I learned the difference between the highly touted relative risk reduction and the actual miserable absolute risk reduction of the vaccines.
I read Crawford's explanation of how to define away safety signals, and subscribed to RTE to support his work.
I read Fenton's explanation of how the time-stamping of cumulative data can conjure efficacy something from efficacy nothing in the real-world rollout.
I learned about a lot of different ways of lying.
But I did assume that testing positive at an appropriate PCR cycle was an honest proxy for coronavirus infection: for the presence of the virus of interest, regardless of progress of the disease. Mullis said that PCR tests can find something from almost nothing, and that false positives were likely... But it did not occur to me to question the negatives.
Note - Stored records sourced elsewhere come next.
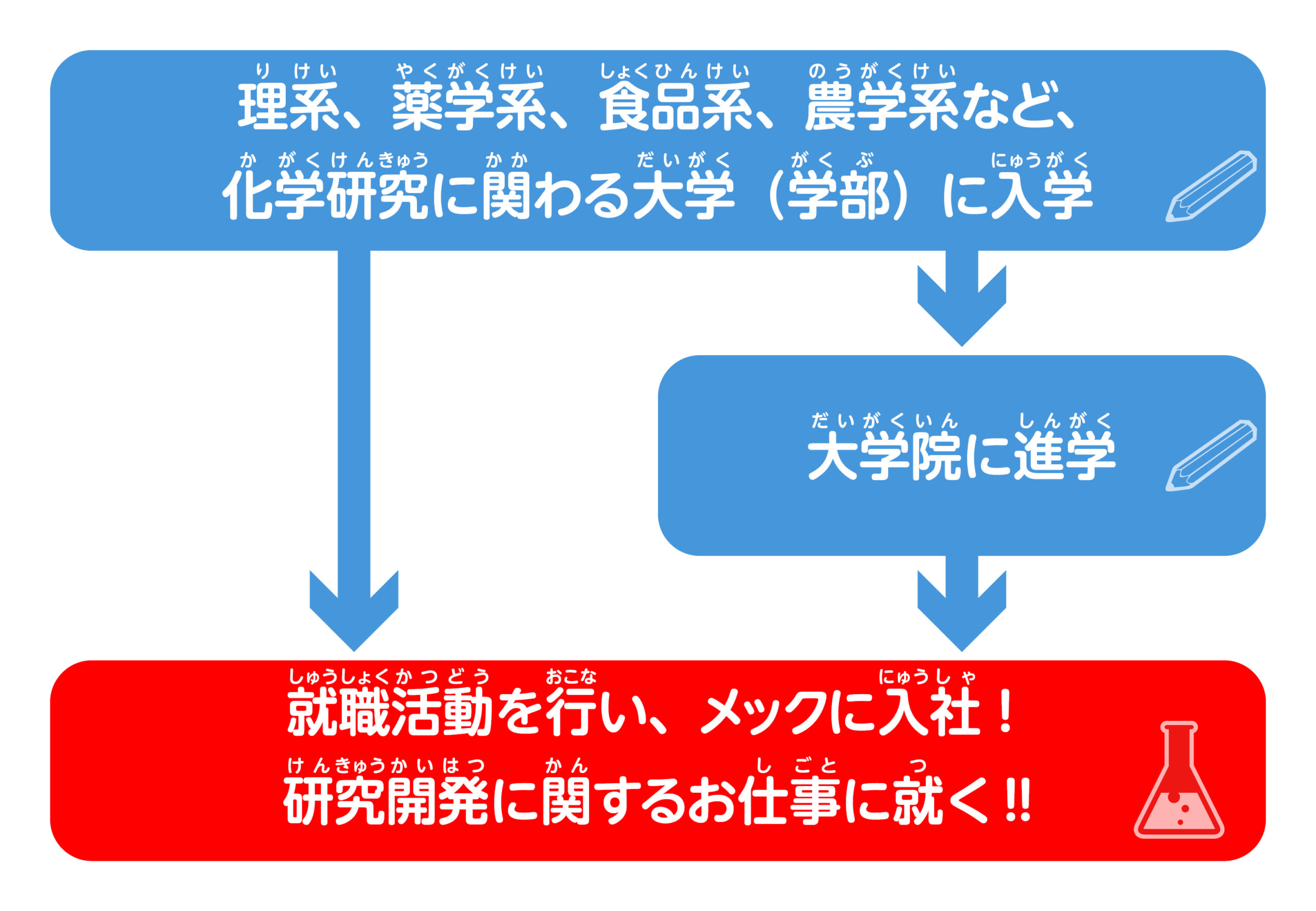 メックの研究者には、理系だけでなく、薬学系や食品系など、いろいろな勉強をしてきた人がいるんだって。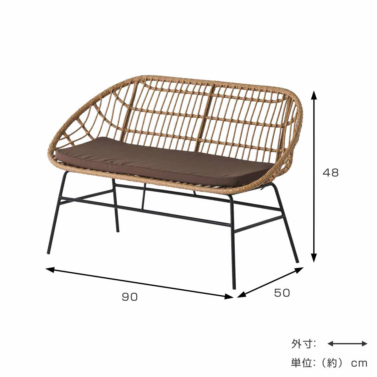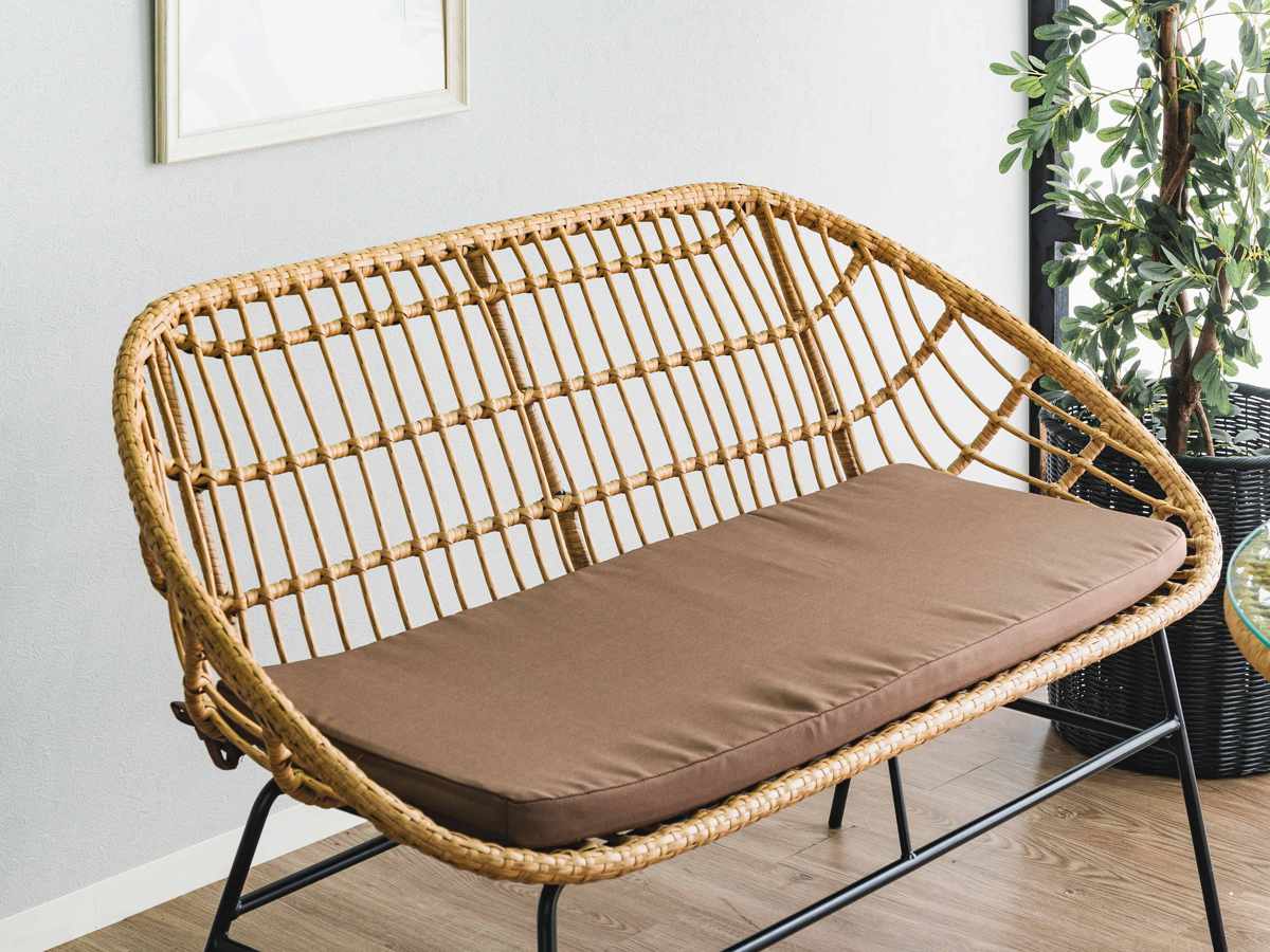 ベンチソファ 2人掛け ラタン調 マーレ ( ベンチ 2人掛けソファ チェア 椅子 クッション付き ソファ 籐 人工ラタン 軽量 )
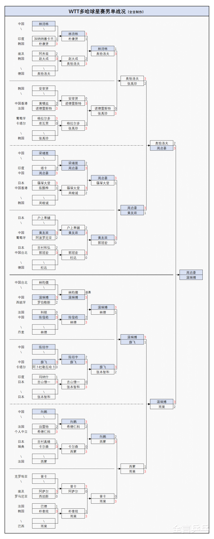 周启豪:3-2塔卡(印度)、3-2梁靖崑(中国)、3-1篠塚大登(日本)、3-1黄友政(中国)、3-2奥恰洛夫(德国);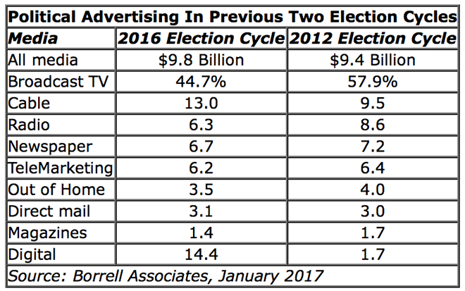 According to research, “Combining local, state, and nationwide election spending, 2016 elections spent $9.8 billion on advertising media, but broadcast TV lost ground, from a 57.9% share of all political advertising in 2012, to a 44.7% share in 2016. Digital media spending, though, increased nearly eight-fold, going from a 1.7% share in 2012 to a 14.4% share in 2016.”

Now it's 2022 and I've read Masterjohn's post about false negatives. So that's where the bodies are buried? The vaccines were efficacious against throwing a positive PCR during the clinical trial period, and then again at vaccine rollout in the real world?
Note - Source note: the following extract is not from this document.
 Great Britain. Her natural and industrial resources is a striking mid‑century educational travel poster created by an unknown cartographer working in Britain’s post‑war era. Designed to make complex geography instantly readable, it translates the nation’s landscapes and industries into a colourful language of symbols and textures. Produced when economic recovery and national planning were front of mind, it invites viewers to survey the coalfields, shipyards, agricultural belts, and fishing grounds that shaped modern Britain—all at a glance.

I guess it was all laid out by Doshi, https://blogs.bmj.com/bmj/2021/01/04/peter-doshi-pfizer-and-modernas-95-effective-vaccines-we-need-more-details-and-the-raw-data/
And the seminal article, https://www.bmj.com/content/371/bmj.m4037.
"[Just a PCR (polymerase chain reaction test)-positive mild infection] with only mild symptoms qualify as meeting the primary endpoint definition. In Pfizer and Moderna’s trials, for example, people with only a cough and positive laboratory test would bring those trials one event closer to their completion."
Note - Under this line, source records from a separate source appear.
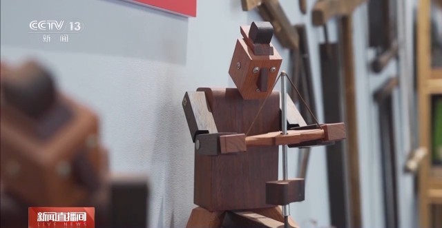 山东省非物质文化遗产“桥氏木作”技艺传承人乔一兵在工作站里也有自己的工作室,他用一整块木料、不用一钉一铆,制作鲁班枕结构的系列用品。
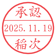 オプションの「電子透かし」をチェックし[生成]すると、見た目には分からないように、UNIXタイムスタンプを識別情報としてPNG形式の日付印に埋め込みます。 日付スタンプメーカーの使い方「部署」「名前」は最大8文字まで入力が可能です。「スタンプの色」を選択し、[生成]ボタン押下で印影画像が更新され、背景を透明に設定したPNG形式とPDF形式の印影画像がリンクからダウンロードできます。 オプションの「電子透かし」は、その性格上日付印ととても相性の良い付加サービスです。 別ページの「タイムスタンプと電子透かし」でも詳しく解説しますが、このオプションを追加することで、日付印が生成された日時に確かにその印が存在していることが証明されます。 ![]() 稲次さんの電子印鑑が作れます。社内でのデータ書類閲覧確認用など、認印的な使い方のできる電子印鑑が作れます。 ![]() 古代文字で落款印が作れます。「落款スタンプメーカー」で作品を引き立たせる落款印が作れます。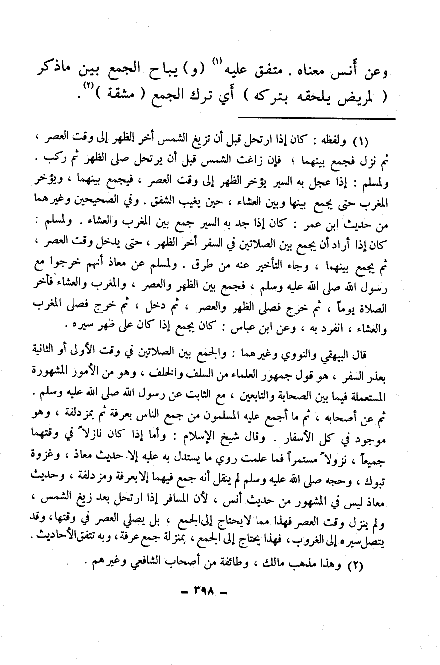 قال البيهقي والنووي وغيرهما: والجمع بين الصلاتين في وقت الأولى أو الثانية بعذر السفر، هو قول جمهور العلماء من السلف والخلف، وهو من الأمور المشهورة المستعملة فيما بين الصحابة والتابعين، مع الثابت عن رسول الله صلى الله عليه وسلم، ثم عن أصحابه، ثم ما أجمع عليه المسلمون من جمع الناس بعرفة ثم بمزدلفة هو موجود في كل الأسفار، وقال شيخ الإسلام: وأما إذا كان نازلا في وقتهما جميعا، نزولا مستمرا فما علمت روي ما يستدل به عليه إلا حديث معاذ، وغزوة تبوك وحجه صلى الله عليه وسلم لم ينقل أنه جمع فيهما إلا بعرفة ومزدلفة وحديث معاذ ليس في المشهور من حديث أنس، لأن المسافر إذا ارتحل بعد زيغ الشمس، ولم ينزل وقت العصر فهذا مما لا يحتاج إلى الجمع، بل يصلي العصر في وقتها، وقد يتصل سيره إلى الغروب فهذا يحتاج إلى الجمع، بمنزلة جمع عرفة، وبه تتفق الأحاديث.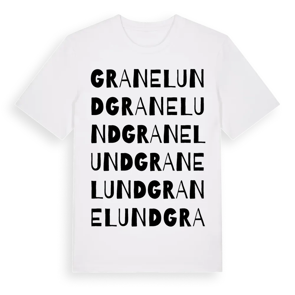 Granelund ordlek t-shirt är inspirerad av Granelund i Uppsala län, Sverige. Tröjan är designad för dig som har en speciell koppling till platsen – oavsett om du bor här, har rötterna här eller bara älskar Granelund.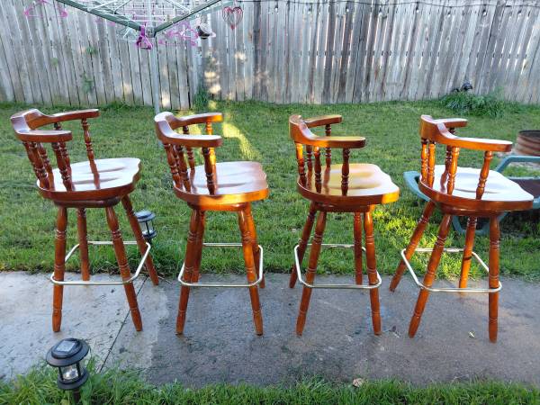 Four solid wood bar stools. Have a good heavy weight to them. Red-ish brown in color. All in good condition and rotation for all tops work well.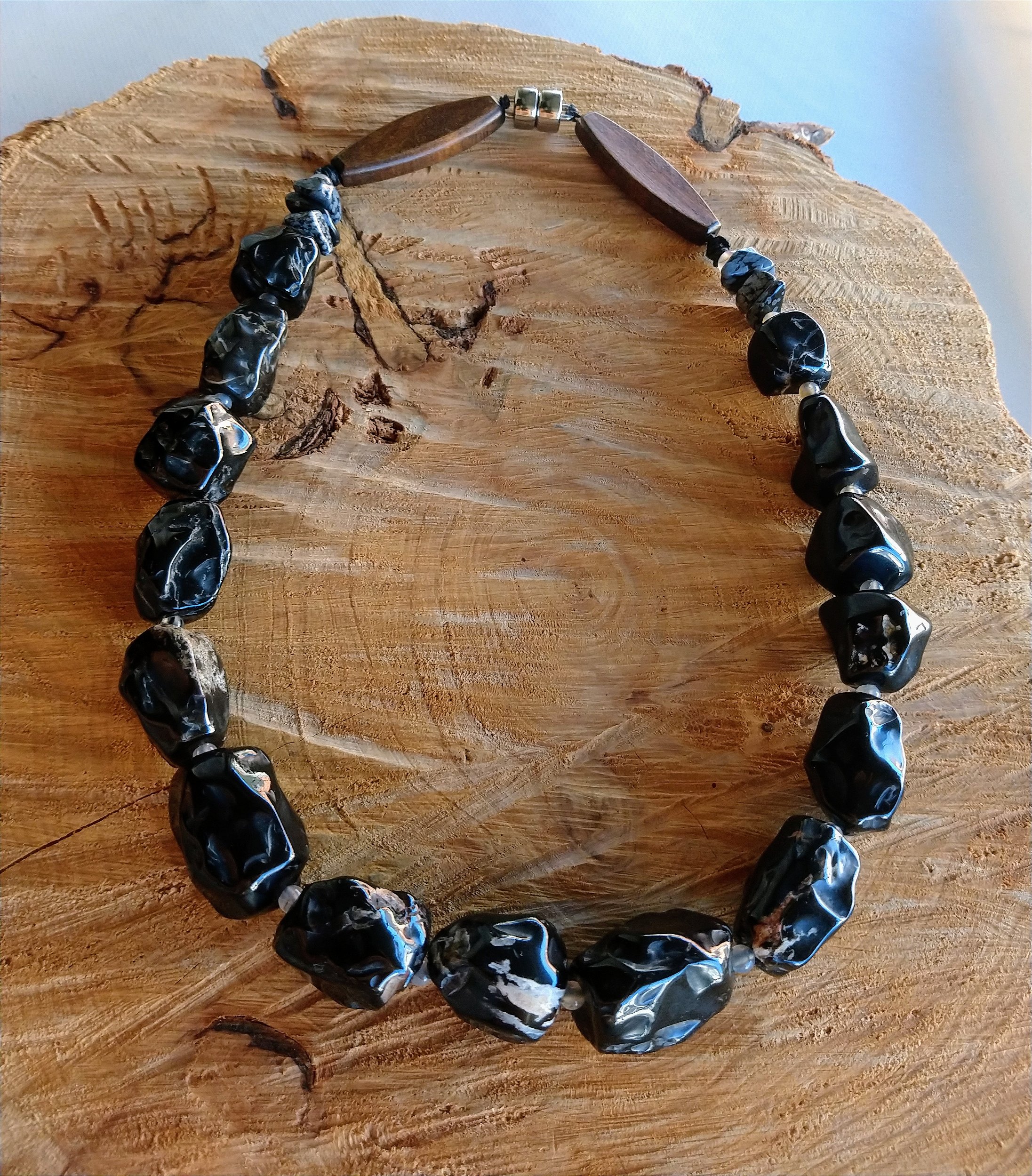 Colar pedra Ameixa, entremeio em Ágata translúcida, finalizado com bujão madeira e fecho imantado. Comprimento 62 cm

“Our trial will not demonstrate prevention of transmission."
There is another piece to the vaccine efficacy puzzle--false negatives. False negative rates for covid vaccines were very high when Hopkins published its review of studies of false negative rates from pcr. Hopkins found a minimum of 20% false negatives, which occurred when people were tested on the 3rd day after symptom onset. False negative rates INCREASED from 20% on the time curve in both directions.
So what are the implications for vaccine efficacy studies? False negatives, if undetected, result in higher efficacy. If detected, they decrease efficacy. How can false negatives be detected? With cell culturing. But that wasn't done in studies, so what can we do?
If we have certain data, we can estimate the false negative count in vaccine efficacy studies. We would need the rate at the time of the study and the number of tests conducted based on ILI (influenza-like illness) symptoms. Pfizer didn't reveal the number of tests yet, but possibly we will obtain that info in the future.
People should be discussing this issue. The study design was fraudulent for failing to discover false negatives with cell culturing and Pfizer was hiding the data on the count of the total number of tests.
To gauge the impact of false negatives, it would only take 20 false negatives in both placebo and vax arms to reduce vax efficacy to 50%. Considering 22,000 subjects in each arm, having 200 ILIs in winter in each arm would be very low.
Hi Matthew, I so appreciate the work you do. You are extremley intelligent. Thank you again for your rational approach. Somehow in all this scariness, I find the way you do your work, oddly, reassurring. I am a 60 year old trying to make sense of this crazy world. You and several others are a beacon of light to me. The hysteria of many who are reporting what is happening, ends of making people more frightened than they already are. It hurts their important message because people can only take in so much "fear-inducement". People do not realize that they should not be making it hard for people to make the changes needed in the world and acquiring the knowledge needed for what really happened with the pandemic ( and the last how many years now!), it overwhelms and makes people feel hopeless. They want to turn off and turn for hope (going toward God, which many of us do otherwise, but they really give up listening and reading much). You do not do this. If you know anyone else to follow, besides Kevin McCairn, Charles Rixey, Dr. Fleming let me know please. Also, where can I read material from Jon Couey?